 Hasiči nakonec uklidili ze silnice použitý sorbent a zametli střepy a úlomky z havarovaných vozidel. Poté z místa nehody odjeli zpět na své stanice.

==

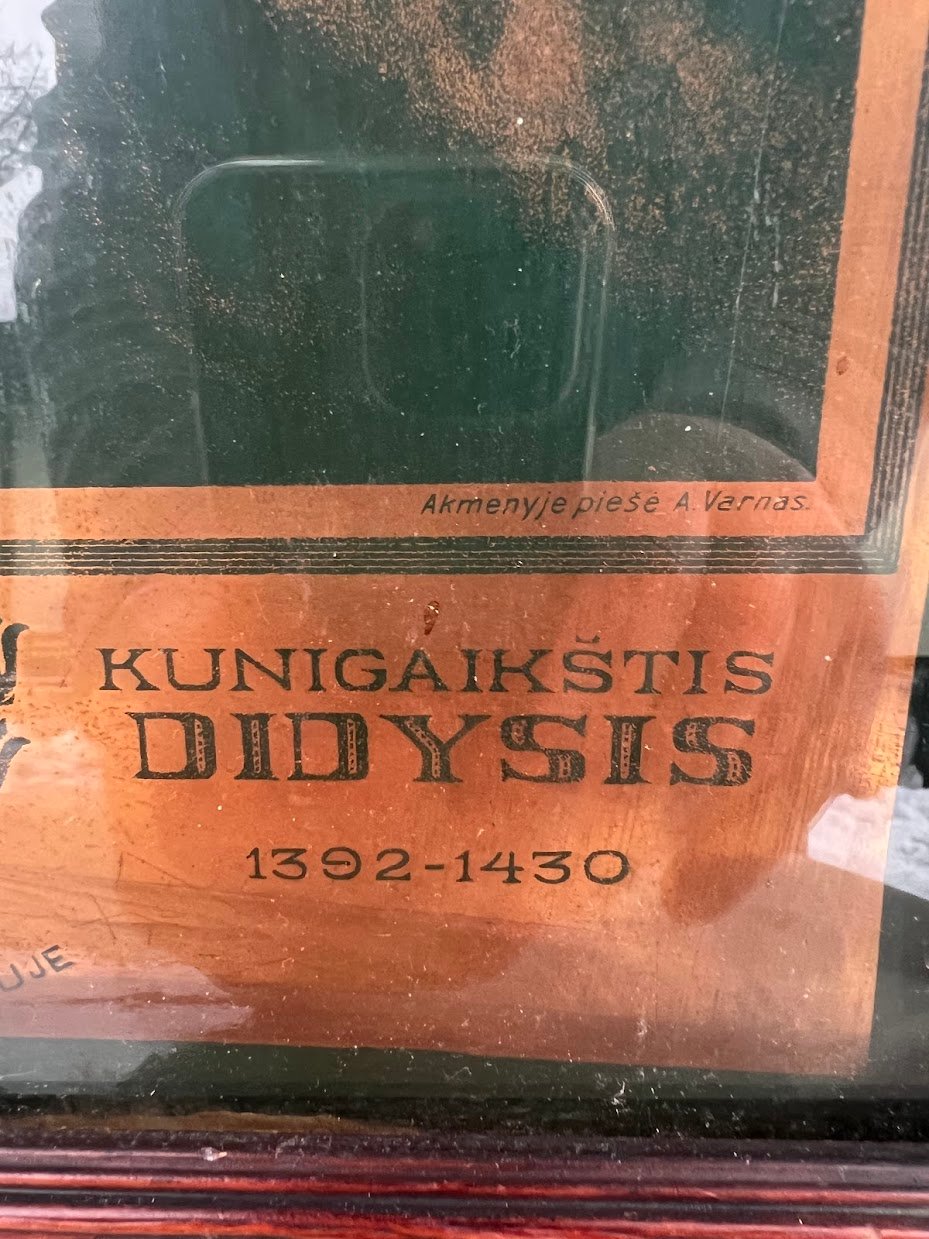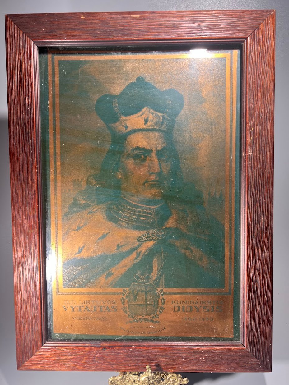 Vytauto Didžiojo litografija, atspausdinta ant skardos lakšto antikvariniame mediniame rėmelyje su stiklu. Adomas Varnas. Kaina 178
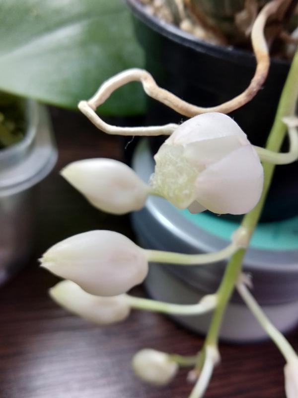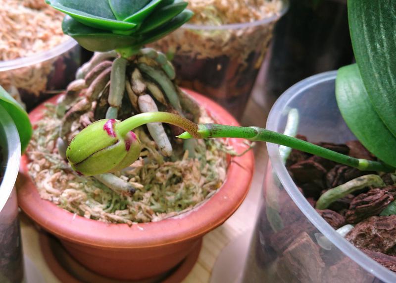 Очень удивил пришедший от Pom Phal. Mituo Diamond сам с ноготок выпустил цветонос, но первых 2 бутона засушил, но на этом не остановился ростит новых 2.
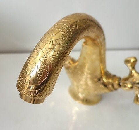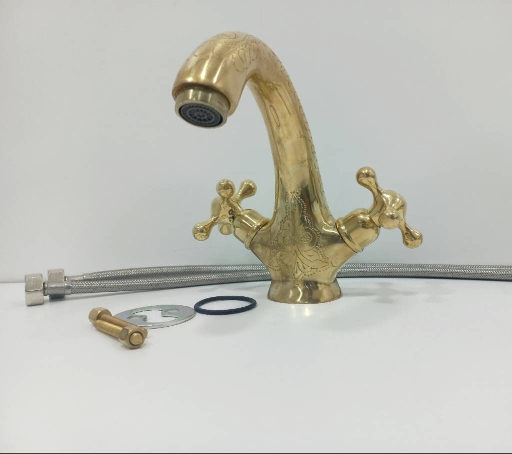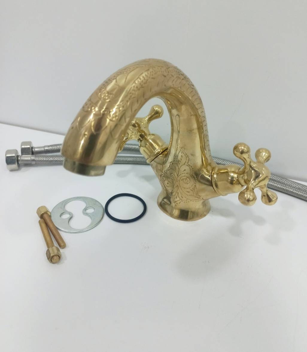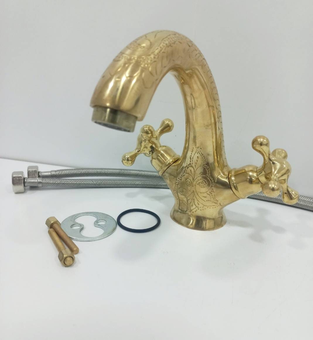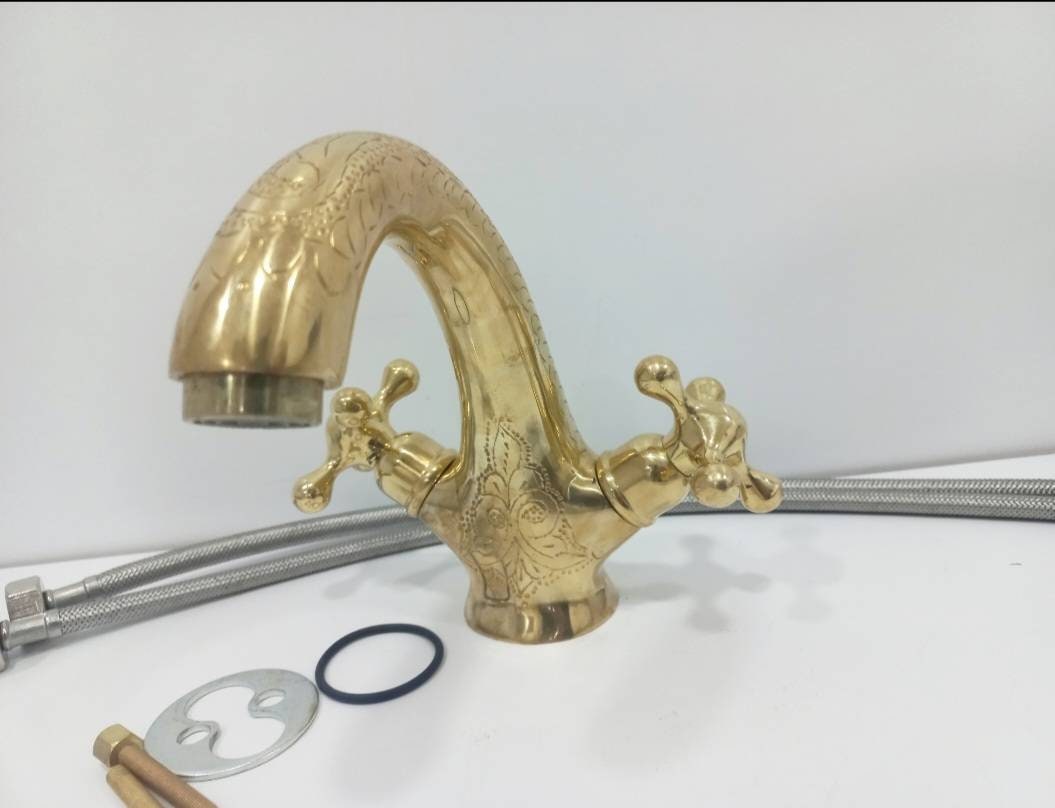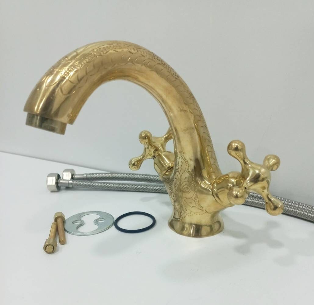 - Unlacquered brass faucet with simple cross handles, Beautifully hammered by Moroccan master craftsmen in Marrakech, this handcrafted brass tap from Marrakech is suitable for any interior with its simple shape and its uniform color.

What is needed — Using the records above, print exactly the run of lines that starts with the line with "Vytauto Didžiojo litografija, atspausdinta" and goes on through the line with "- Unlacquered brass", pictures excluded.

Written reply —
 Vytauto Didžiojo litografija, atspausdinta ant skardos lakšto antikvariniame mediniame rėmelyje su stiklu. Adomas Varnas. Kaina 178
 Очень удивил пришедший от Pom Phal. Mituo Diamond сам с ноготок выпустил цветонос, но первых 2 бутона засушил, но на этом не остановился ростит новых 2.
 - Unlacquered brass faucet with simple cross handles, Beautifully hammered by Moroccan master craftsmen in Marrakech, this handcrafted brass tap from Marrakech is suitable for any interior with its simple shape and its uniform color.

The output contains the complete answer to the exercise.